Op de weg terug naar de Posada passeer ik het oudste gebouw van Roncesvalles: de ‘Silo’ van Karel de Grote. Monniken en pelgrims liggen er begraven. Helaas is de kapel gesloten.
Nog voor het avondmaal heb ik opnieuw contact met Ithaka, het thuiseiland. Bijna de hele familie (Gemma-Penelope, Maurice, Raymond) is er verzameld, en ook nog eens mijn broer Lei en zijn vrouw Riek. Iedereen leeft mee met die ouwe mafkees die Spaanse regen, Spaanse wind en Spaanse cols trotseert. Ze moesten eens weten hoe beroerd hij er vijf uur eerder aan toe was. Toch blij met het korte contract: een legaal spierversterkend middel, zo´n direct call, een mentale drug.

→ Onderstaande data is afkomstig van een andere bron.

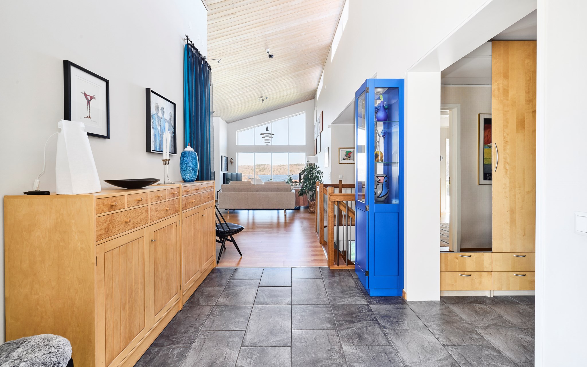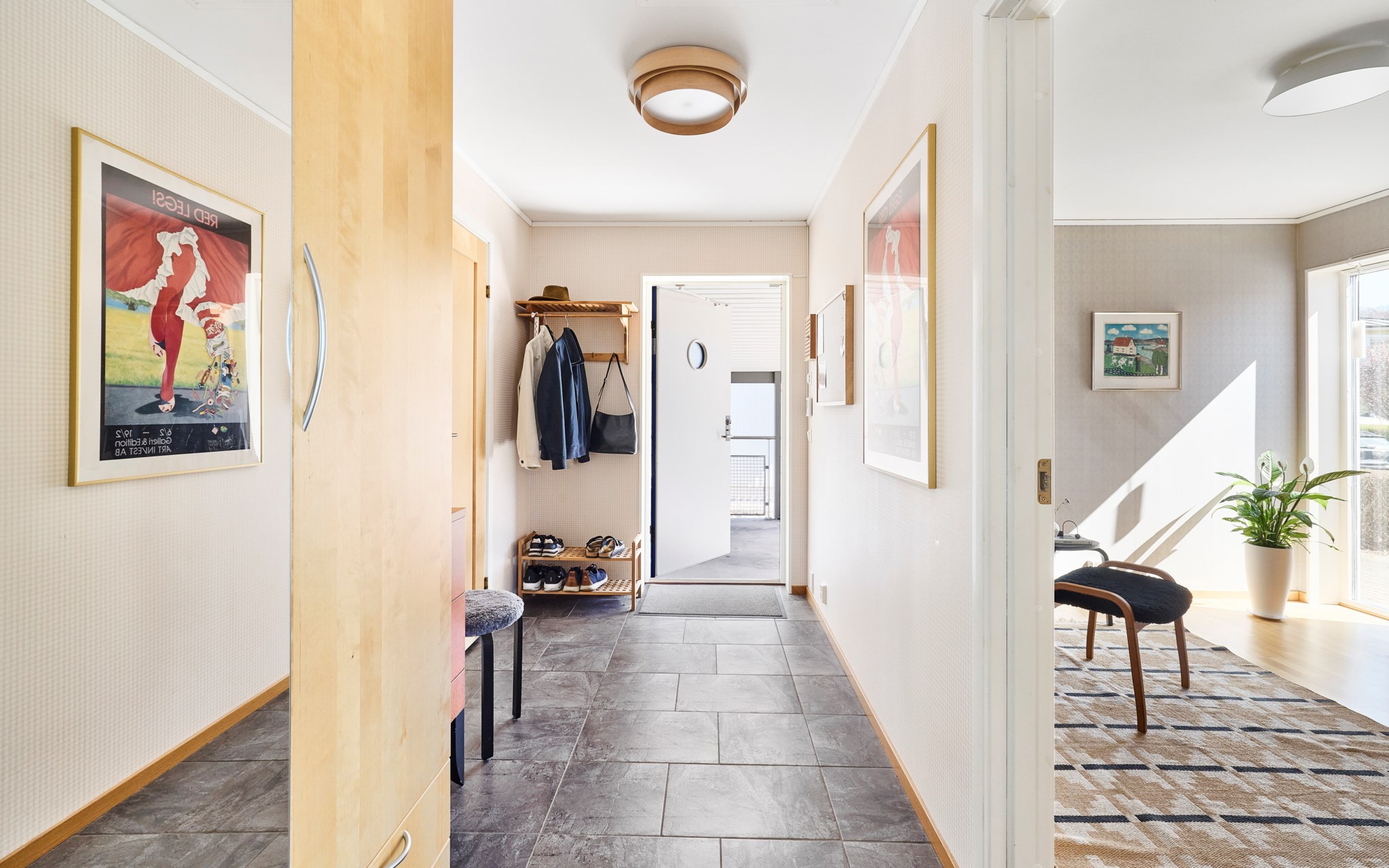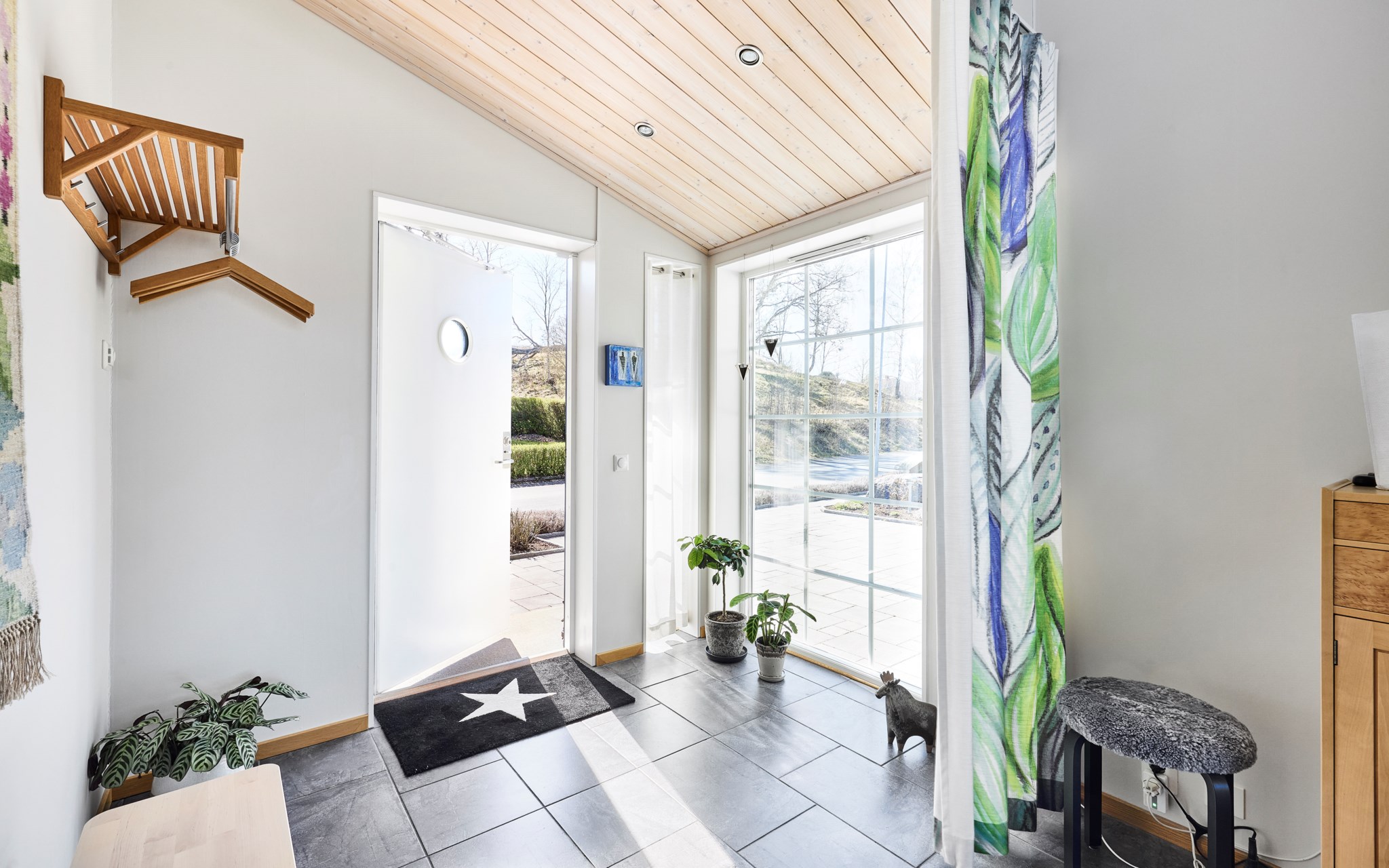 Klinker en lång bit in i hallen som är som ett litet hus i sig med eget snedtak inne och ute. Fint helfönster på sidan som släpper in mycket ljus men som inte drar blickarna till sig från gatan. Elburen golvvärme under klinkern och vattenburen golvvärme genomgående i övriga huset. Fin siktlinje direkt så att du blir varse ljuset, rumsvolymen och utsikten redan när du stiger in i hallen. Till höger hittar du groventrén och ett sovrum som i dagsläget används som hemmakontor. Klädkammaren inom räckhåll om det börjar bli för många jackor på hängaren i hallen.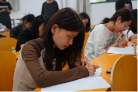 本次竞赛以现场答题的方式进行比赛,考题主要由基础题和综合题目两部分组成。其中,综合题目中的案例分析题,密切结合大学生在学校生活中可能遇到的问题和情景,着重考察了学生对心理知识的掌握和自我心理的调控、支配能力。答题现场紧张且秩序井然,同学们有序参与、沉稳答题。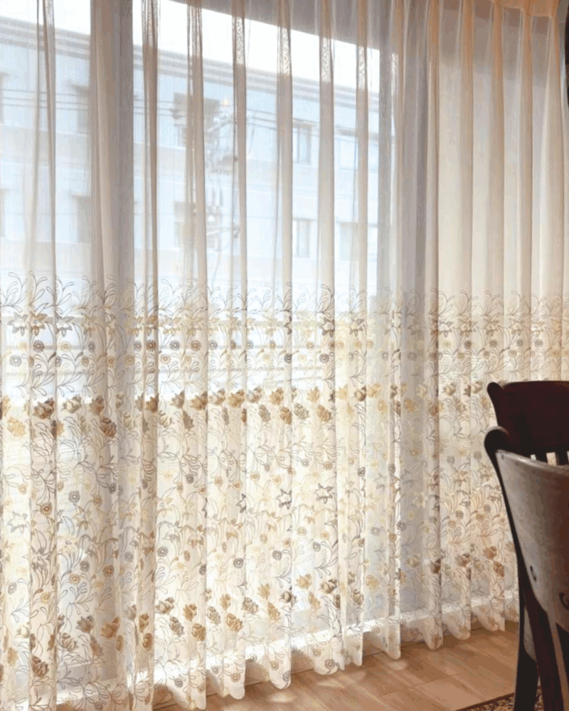 今回はドレープに人気のボタニカルなデザインの「ハニーサクル&チューリップ」を、レースは、細やかなデザイン柄の「バウワー」を採用しました。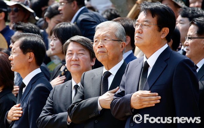 (김해=포커스뉴스) 23일 오후 경남 김해 봉하마을에서 엄수된 故 노무현 전 대통령 서거 7주기 추도식에 참석한 정진석(오른쪽부터) 새누리당 원내대표, 김종인 더불어민주당 비대위 대표, 안철수 국민의당 상임공동대표, 천정배 공동대표가 국기에 대한 경례를 하고 있다.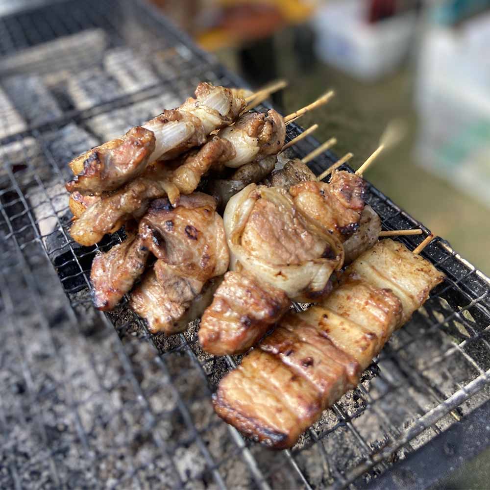 | 熊野農園 | 焼き鳥150円、焼きそば400円、フランク400円、焼き芋400円、さつまいもスティック400円、もち400円 |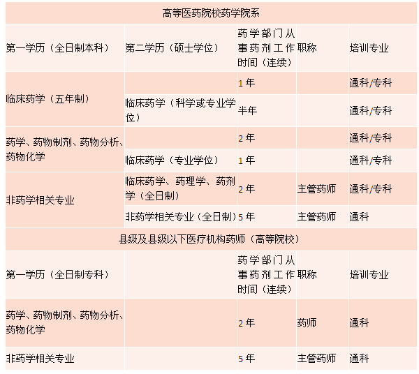 (1)第一学历为临床药学专业本科毕业,在医院药学部门从事药剂工作满1年者,可报名参加通科或者专科临床药师培训;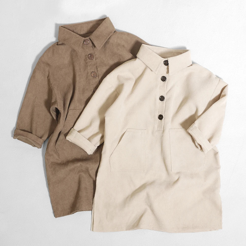 2026 New Kids Long-sleeved Dress Children's Casual Custom Embroidered Crew Neck Solid Color Girls Dresses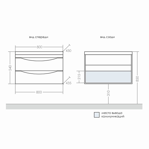 - Тумба для умыв. "Сатурн 80" 2 ящика, подвесная

Internationaal tafelen in de Posada
Om zeven uur schuiven we aan voor het pelgrimsmenu in de grote eetzaal van de Posada. Ik schat dat er ongeveer honderd hongerige pelgrims bij elkaar zitten, voor een dagmenu van 9 euri. We nemen plaats aan de laatste vrije plekken, aan een ronde tafel waar met vier IJslanders en twee Brazilianen. Het Braziliaanse echtpaar doet de Camino ter gelegenheid van hun 25-jarig huwelijksfeest, lopen van Saint-Jean-Pied-de-Port naar Santiago. De IJslanders Björg Árnadóttir, Markús Guðmundsson, Þóra Gréta Þórisdóttir og Sævar Guðmundsson doen hetzelfde traject, maar dan per mountainbike. Na afloop van het diner - pasta, zoute vis met friet, yoghurt - wisselen we nog uitgebreid met hen van gedachten over as en vuur spuwende vulkanen, het bankroet van het eiland en mijn wedervaardigheden op hun vulkanische eiland, vijf jaar geleden. Ik zeg hun warmte van de Blue Lagoon verre te verkiezen boven de mist van deze Ibañeta. Ik laat ze op internet mijn twee IJslandse schilderijen zien. Landschappen van de watervallen van Hraunfossar. Daarna werk ik na een aantal dagen radiostilte mijn blog On the Road bij. Dat kan via een van de twee de computers die midden in het café staan. Voor een euro per twintig minuten. Ondertussen blijven we grote glazen Rioja drinken. Het afscheid is hartelijk. We beloven elkaar absoluut weer tegen te komen op weg naar Santiago. Daarna lopen wij de trap op naar onze warme kamer. En soppen de Reykjavikers door het natte gras naar een van de witte kooien, aan de overkant van de rivier.